Человек умирал третий день.

Не от жажды и не от голода — воды и фиников хватало, мы нашли источник утром, и женщины ещё берегли немного ячменной муки на дне мешков. Человек умирал от вопроса.

Его звали Нахум, и три дня назад он спросил меня: «Зачем?» Не «зачем мы идём» и не «зачем мы ушли» — это он знал, все знали: позади остался город, нас больше не хотевший, впереди лежала земля обещанная, хотя никто из обещавших её не видел. Он спросил другое. Посмотрел на небо, выгоревшее добела, потом на свои руки, потрескавшиеся от солнца и работы, и спросил, не поднимая головы: «Зачем — всё это?»
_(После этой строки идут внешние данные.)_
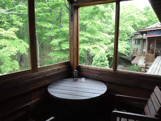 今の時期は、ツヤツヤの新緑を眺めながら、お食事やコーヒーが楽しめます。
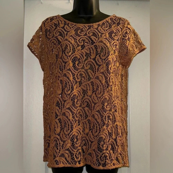 Loft Shirt Camel Tan Floral Overlay Lace Unlined Shirt Blouse in great condition.
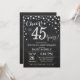 Invitación de pizarra para 45º aniversario de bodas en negro y plata. Cuarenta y cinco años de aniversario de bodas. Fondo de diamante con brillo negro y plata de pizarra. Confeti plateado. Cumpleaños de adulto. Fiesta de cumpleaños de mujer o hombre. Para una mayor personalización, haga clic en el botón "Personalizar" y use nuestra herramienta de diseño para modificar esta plantilla.
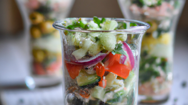 Répartir la salade dans des verrines.
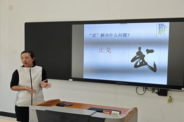 会上,俞老师首先介绍了高校武术课程相关的武术基础知识。她提出要立足于高校武术课程,通过明晰武术特点、确定课程定位以及遵循课程规律来挖掘武术课程思政元素的策略。她还阐述了从课前优化课程设计、课中细化课程实践到课后强化课程反思,以实现武术课程思政元素与武术教学融合的方法。

Я не ответил. К тому времени уже знал, что ответа нет, — знал так давно, что иногда сам пугался этого знания. Но надеялся, что Нахум забудет. Люди часто задают вопросы, не желая ответов. Спрашивают — и идут дальше, едят, пьют, плодятся, хоронят своих мёртвых. Вопрос остаётся позади, в пыли дороги, вместе с костями прежних спрашивавших.

Нахум не забыл.

Он перестал есть на второй день — отодвинул миску, протянутую женой, и отвернулся к стене шатра. На третий день перестал пить, и вода стекала по подбородку и впитывалась в ткань под ним. Он смотрел в одну точку, куда-то сквозь полог и сквозь небо, и губы его шевелились беззвучно, повторяя одно и то же слово.

Я подходил, наклонялся, пытался расслышать.

«Зачем, — шептал он. — Зачем, зачем, зачем».

Жена сидела рядом, держала его руку обеими своими и плакала без слёз — в пустыне слёзы роскошь, и тело бережёт влагу помимо воли хозяйки. Дети стояли поодаль — двое мальчиков, старший уже почти мужчина, младший ещё совсем ребёнок, — и смотрели на отца молча. Этот взгляд я потом встречал тысячи раз и всякий раз узнавал.

* * *

Вечером, когда солнце наконец перестало жечь и от песка потянуло ночным холодом, ко мне подошёл Гершон.

Он выглядел как крепкий мужчина средних лет, широкоплечий, с густой чёрной бородой и мозолями в палец толщиной у основания ладони. Но я давно научился не доверять тому, как люди выглядят. Гершон был старше меня, хотя годами это не измерить — он просто был старше, как старше русло высохшей реки, ещё помнящее воду.

Он сел рядом, песок скрипнул под его весом. Мы смотрели на костёр, разведённый женщинами, на тени, пляшущие на стенах шатров, на звёзды, проступающие на темнеющем небе — сначала одна, затем другая, затем сразу десятки, сотни, тысячи.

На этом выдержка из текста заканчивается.